Behavior treatment is the better choice for children who are suffering from obsessive compulsive disorder. Because drugs can be too strong for kids’ sensitive digestive systems, the long route is right route.

Sure, while behavior therapy can take quite a while before the condition is fully treated, at least we know that it’s a slow but sure way of dealing with problem. In addition, parents are assured that their children will not be dependent on any kind of drug.

It is recommended that children undergo treatment for their obsessive compulsive disorder.

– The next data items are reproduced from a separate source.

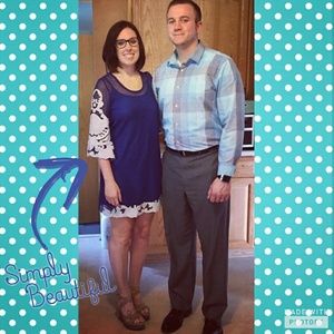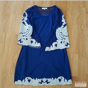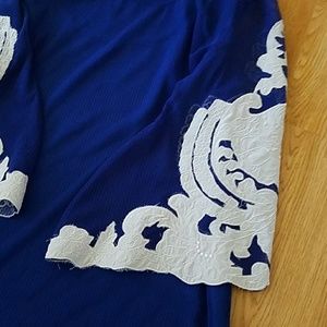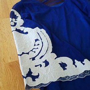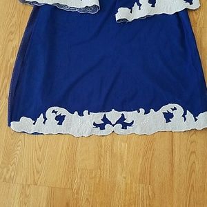 I have worn this a couple times. It's two pieces. Gorgeous shade of blue with beautiful white/gray details. Bought from a boutique. Those shoes in the cover photo are also for sale 💙
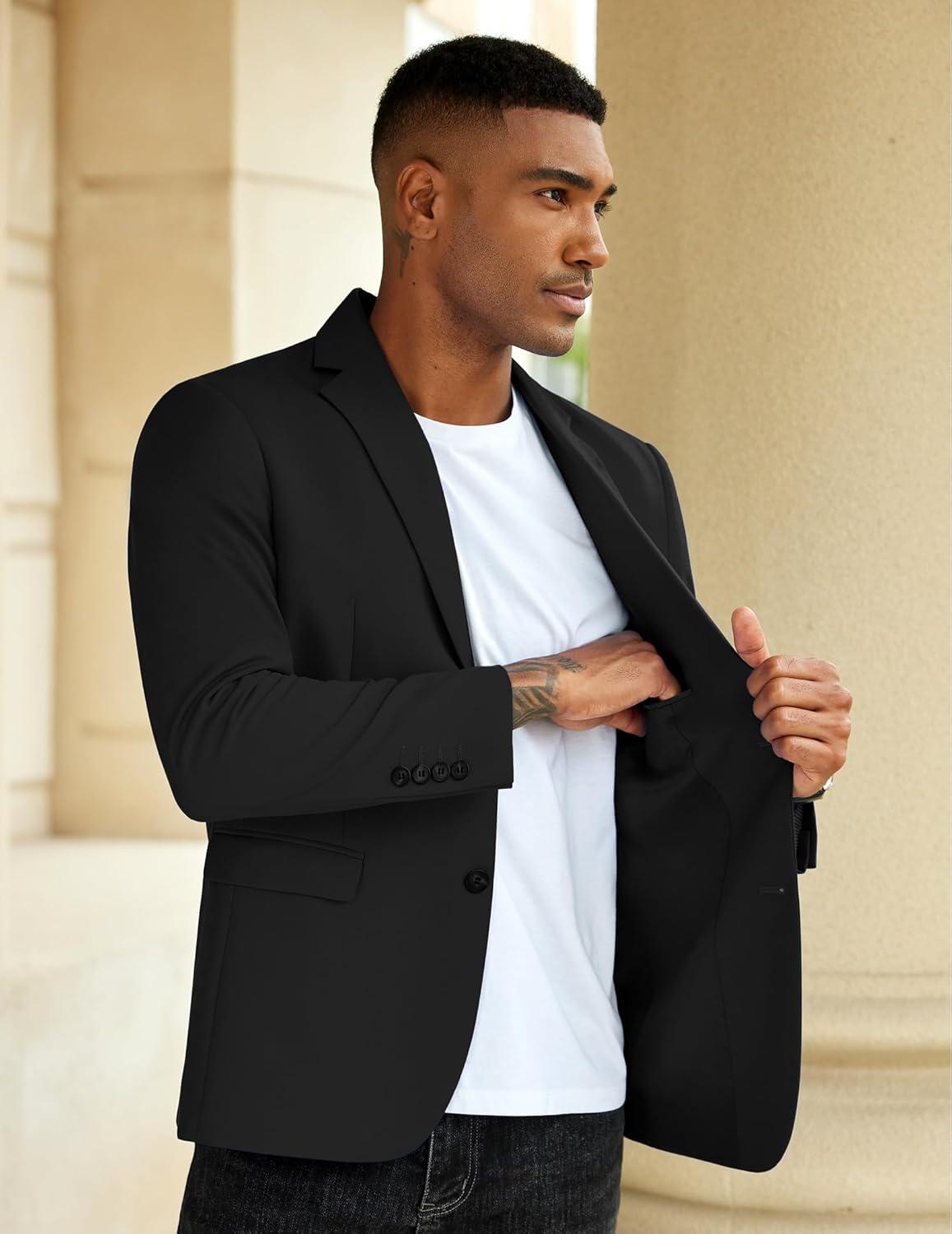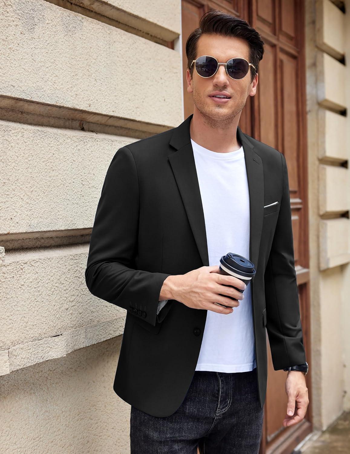 COOFANDY Men’s Casual Blazer Slim Fit Sport Coat Suit Jacket Lightweight Two Button Blazer Jacket(Black)
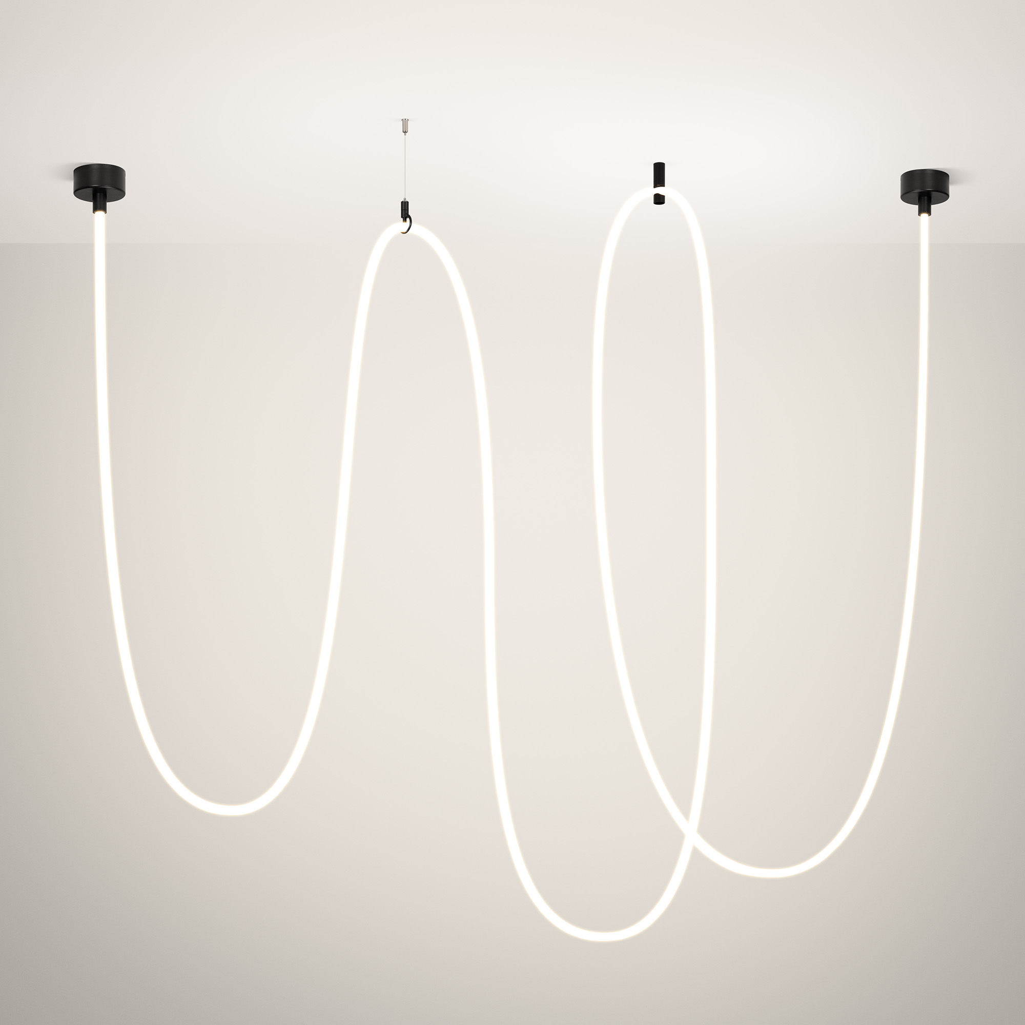 Подвесной светильник. Мощность 110 Вт, св. поток 7455 лм, 67 лм/Вт, дневной 4000 K, CRI>90, угол 360°, напряжение питания 230 В. Черный круглый корпус из стали, силиконовая герметичная лента, степень защиты IP20. Размер: общая высота чаши 85 мм, высота чаши без вывода под неон 50 мм, диаметр вывода под неон 35 мм, диаметр чаши 130 мм, диаметр силиконовой герметичной ленты 18 мм, длина силиконовой герметичной ленты 10000 мм. Монтаж накладной. Блок питания 24 В, 2500 мА, пульсация <5% (2 шт.). Аксессуары (подвес и крепление) приобретаются отдельно.
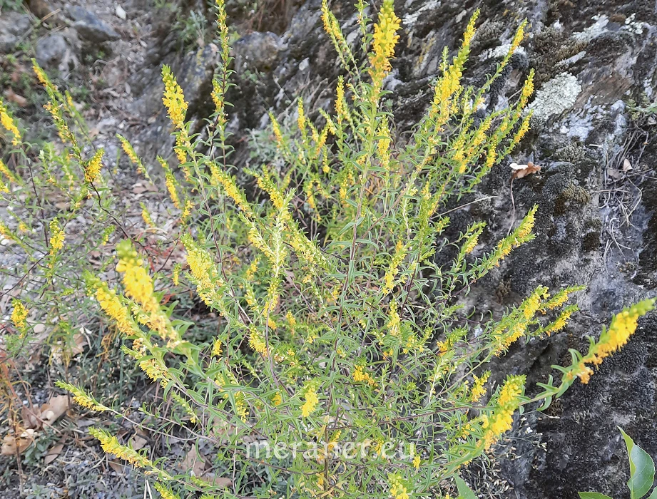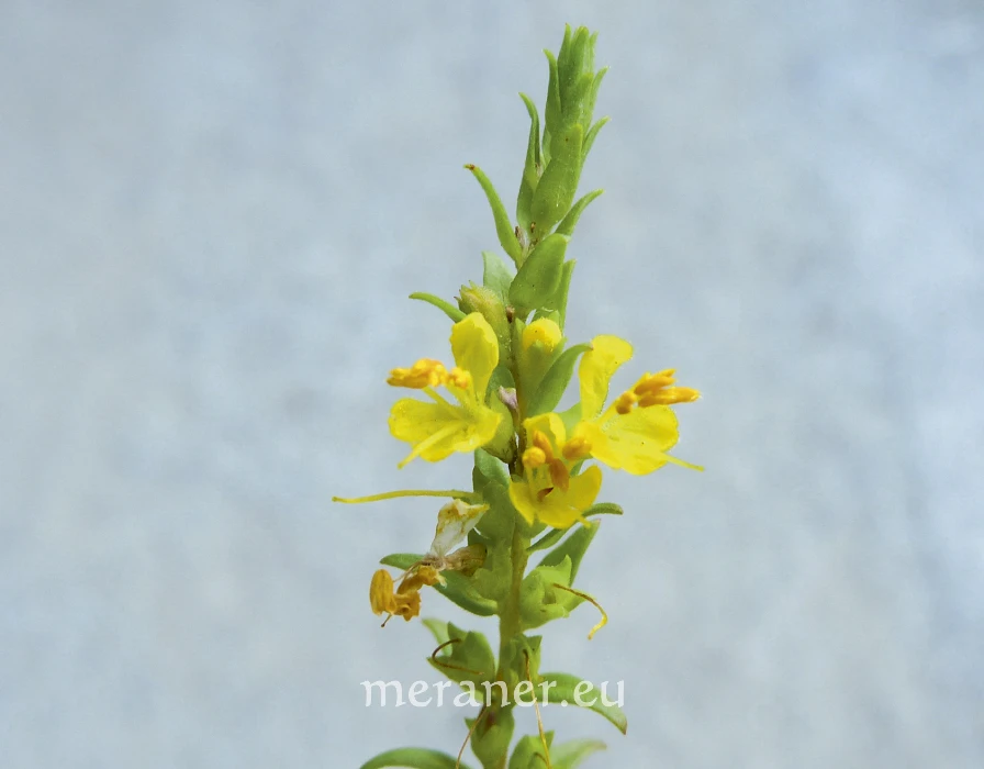 Die bis etwa 30 cm hohe, aufrecht wachsende Pflanze ist stark abstehend verzweigt. Die ledrigen Blätter sind schmal lanzettlich und meist ganzrandig. Die Blüten erscheinen in langen, einseitswendigen, ährigen Blütenständen aus den Blattachseln vom Sommer bis in den Spätherbst. Die goldgelben Lippenblüten bestehen aus einer längeren Oberlippe und einer dreigeteilten Unterlippe. Die Staubblätter und der Griffel ragen weit aus der Blüte heraus. Es bilden sich Kapselfrüchte mit zahlreichen Samen.
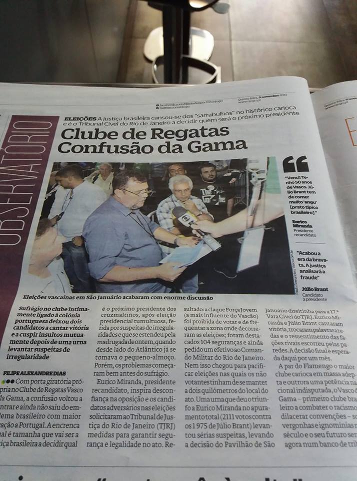 Jornal português 'O Jogo' chama o Vasco de 'Clube de Regatas Confusão da Gama' por causa de eleição
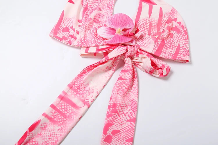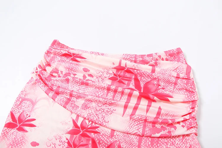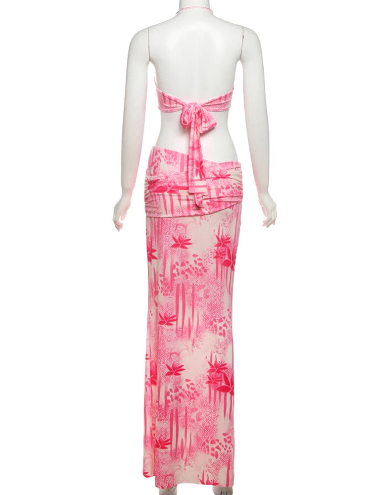 Weird Puss Fashion Patchwork 2 Piece Set Women Pearls Necklace Halter Applique Crop Tops+Skinny Skirts Vacation Beach Style Suit
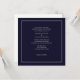 Simple Invitación a la Boda Azul Oscura con cuadrados dobles y escritura gris, esta invitación puede ser usada para cualquier Ocasión Especial. Esta invitación está disponible en marfil, blanco y azul oscuro *Nota - Marca de agua PS en el lado inverso, fácilmente extraíble.
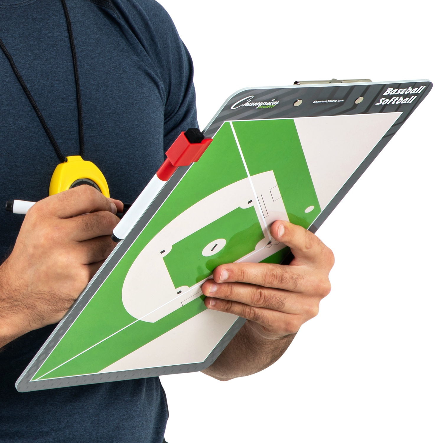 Get the most out of every inning with the Champion Sports Baseball and Softball Coaches’ Board. This coaching board features a full basbeball diamond on one side and a batting line up on the other, so you can easily work on batting order and keep track of the team line up, making changes as you go. Complete with a dry erase marker and clip to hold your papers, this dry erase board will help you and your team stay organized throughout games and practices.
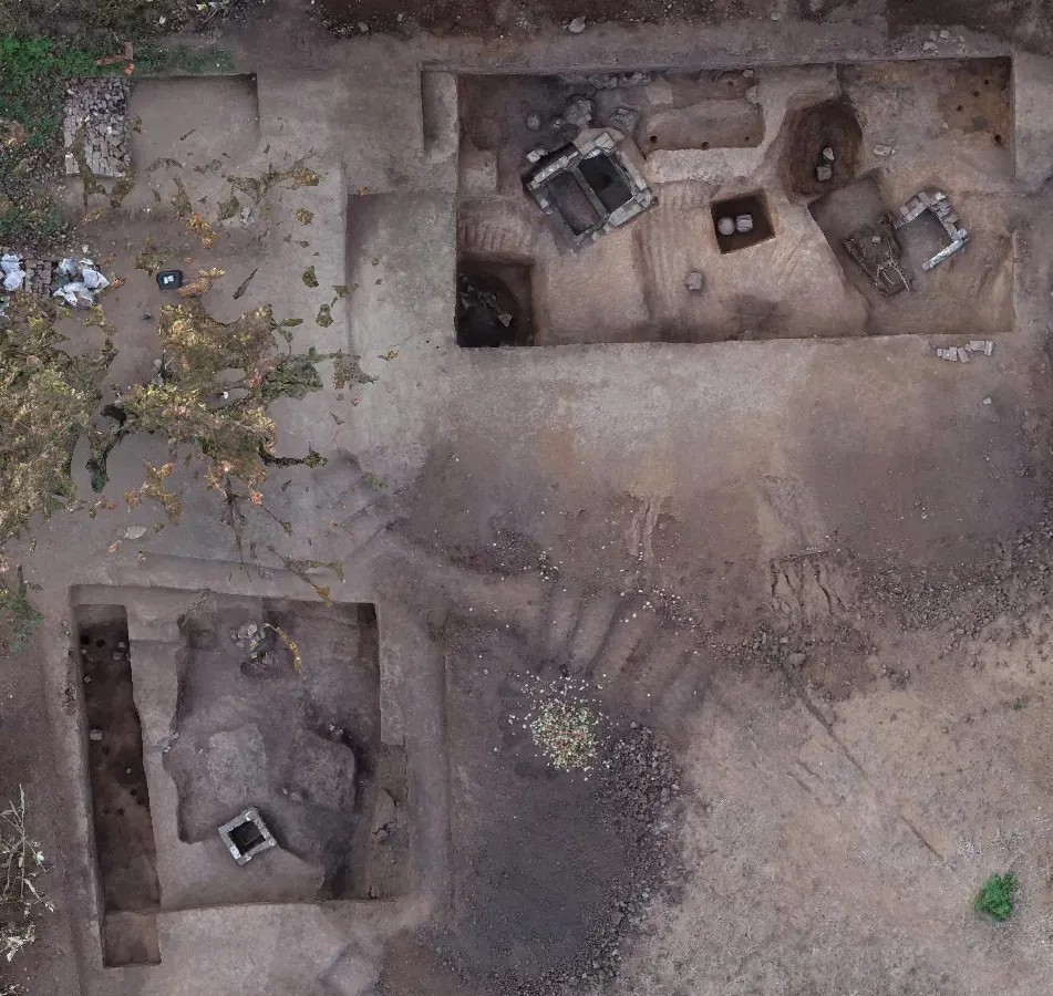 发掘的同时,本年度重点对发掘区北部进行局部考古勘探工作,勘探面积约为2万平方米,发现确认各类墓葬180余座,初步了解了墓葬分布情况及范围所至。
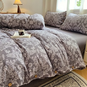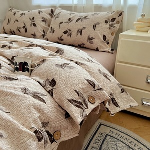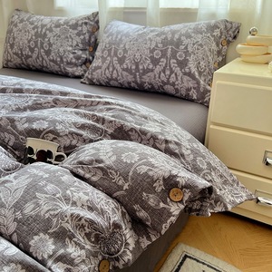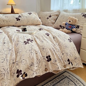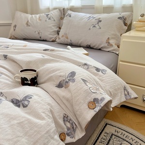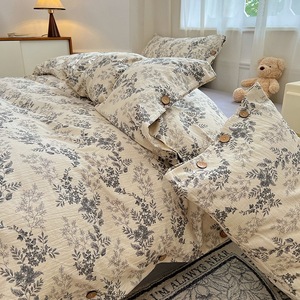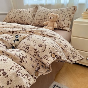 轻奢复古风秋冬A类母婴四件套高克重亚麻三件套床单被套床上用品4
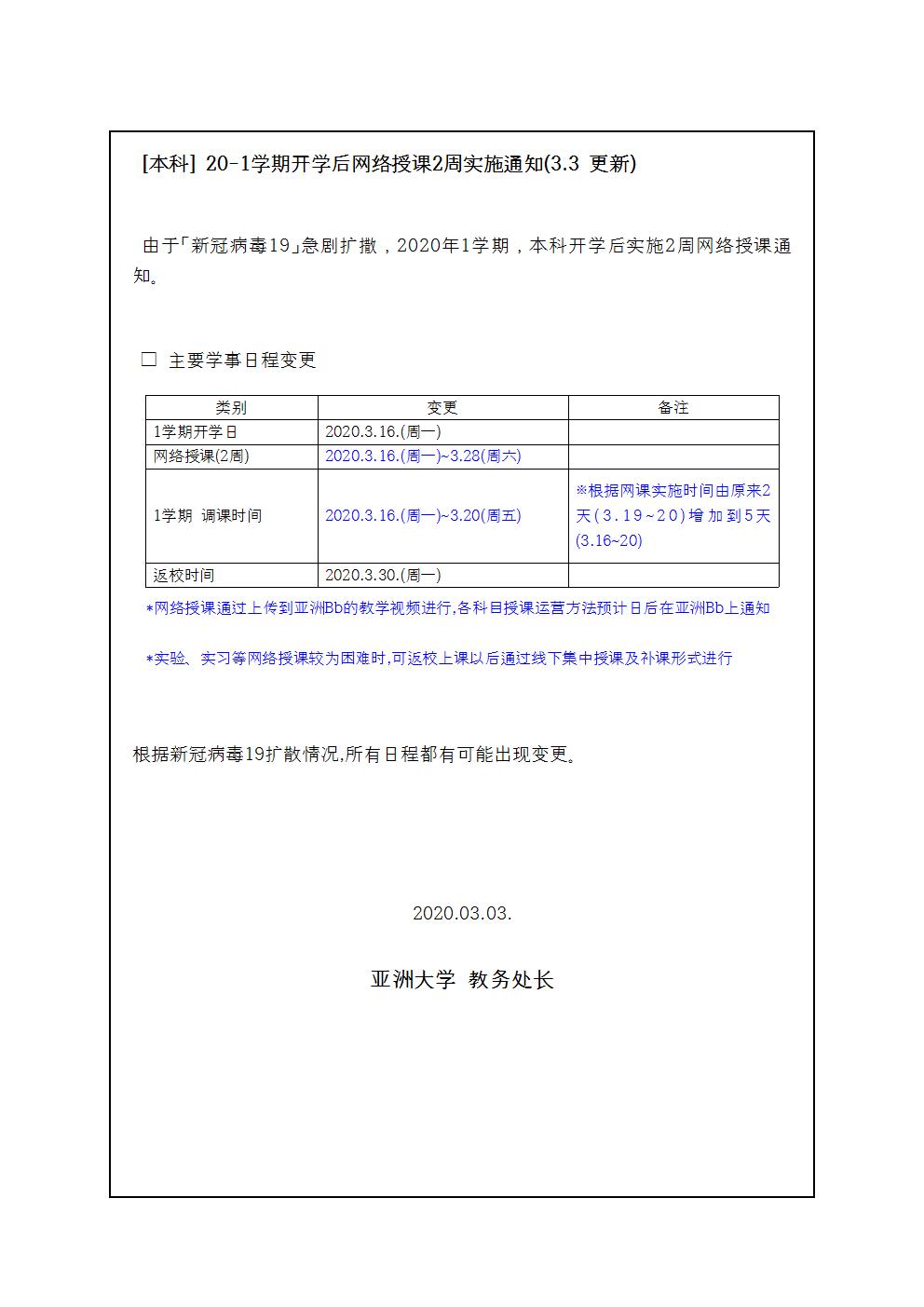 [Notice] Two weeks of on-line classes will be offered from the start of the Spring semester to the end of March
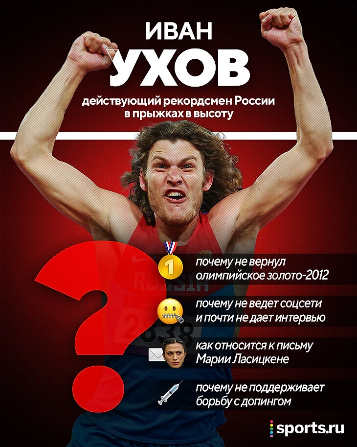 • 31 января 2019 года Ухов показал лучший результат сезона в мире. Наутро он узнал, что дисквалифицирован на 4 года по показаниям Родченкова, а олимпийская победа в Лондоне – аннулирована. Срок отстранения в суде сократился до 2 лет 9 месяцев, но в сектор Ухов уже не вернулся.
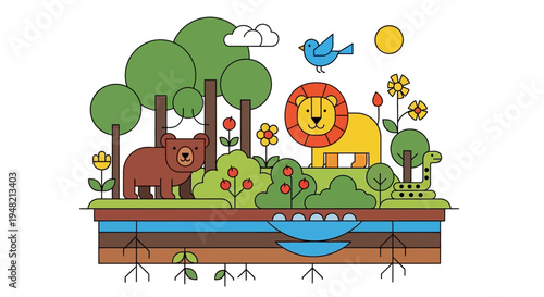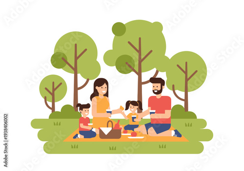 Summer picnic. Happy girl lying on blanket and using mobile phone, flat vector illustration. Picnic basket. Young people lifestyles. Social media and smart phone addiction.
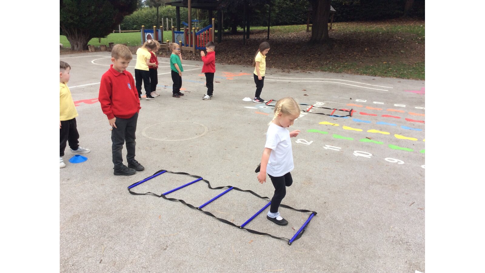 After warming up our bodies, we moved on to using floor ladders to practise jumping into spaces with precision. The children loved the challenge of jumping in and out of the ladder rungs, focusing on timing, coordination, and control. It was great to see them encouraging one another and trying their best!

When addressed early in life, OCD has the bigger chance of being totally eliminated. However, if you leave the condition as is, it could escalate into something that is more uncontrollable when the child grows up, making it more difficult to manage.

OCD is treated with medicine and therapy. For kids who need medicines, doctors give SSRIs (selective serotonin reuptake inhibitors), like Zoloft, Prozac, and Luvox.

Therapists treat OCD with cognitive behavioral therapy. During this kind of talk-and-do therapy, kids learn about OCD and begin to understand it better. They learn that doing rituals keeps OCD going strong, and that not doing rituals helps to weaken OCD. They learn ways to face fears, cope with them, and resist doing rituals. Learning these skills helps stop the cycle of OCD.

Part of treatment is coaching parents on how they can help kids get better. Parents learn how to respond to OCD situations, and how to support their child’s progress without giving in to rituals.

OCD can be a problem. However, it can also be managed. If you suspect that your child has OCD, consult his or her doctor immediately.